**Instructions to follow:** Exclude the pictures and reproduce exactly the lines that run from the one holding "Reception counter and friendly staff" to the end of the entries below.

Collected data
....

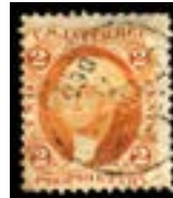
OFFER #20774 #R14 OUR PRICE $45-
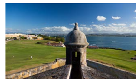
10 Warm Destinations to Spend Christmas with the Family
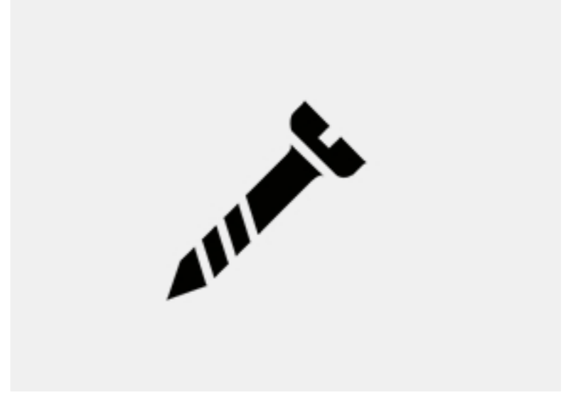
Small screw × 4
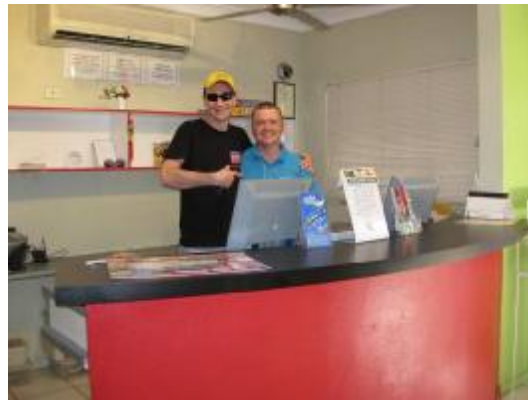
Reception counter and friendly staff
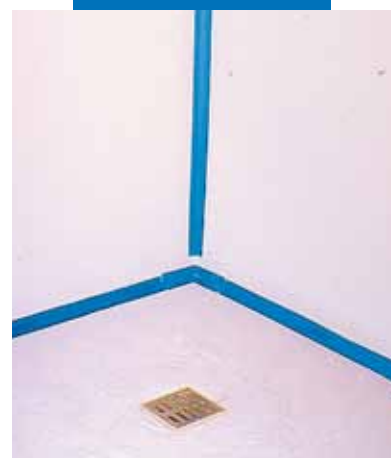
End result of a waterproofing treatment using Mapegum WPS and Mapeband
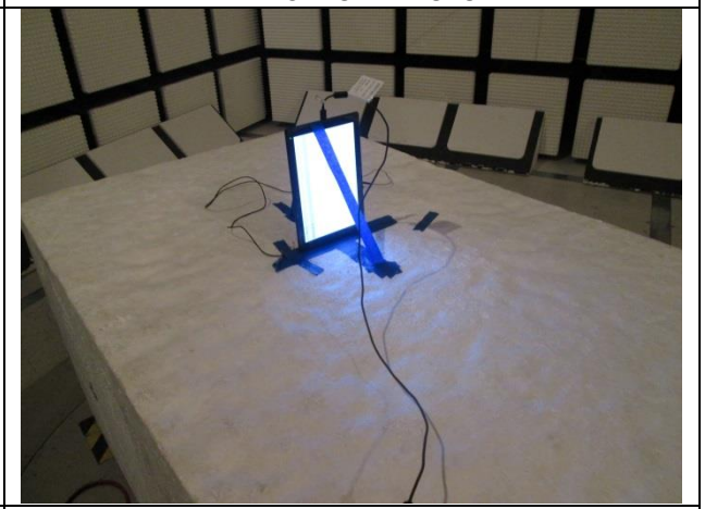
Z-AXIS FRONT PHOTO

....

**Result:**
Reception counter and friendly staff
End result of a waterproofing treatment using Mapegum WPS and Mapeband
Z-AXIS FRONT PHOTO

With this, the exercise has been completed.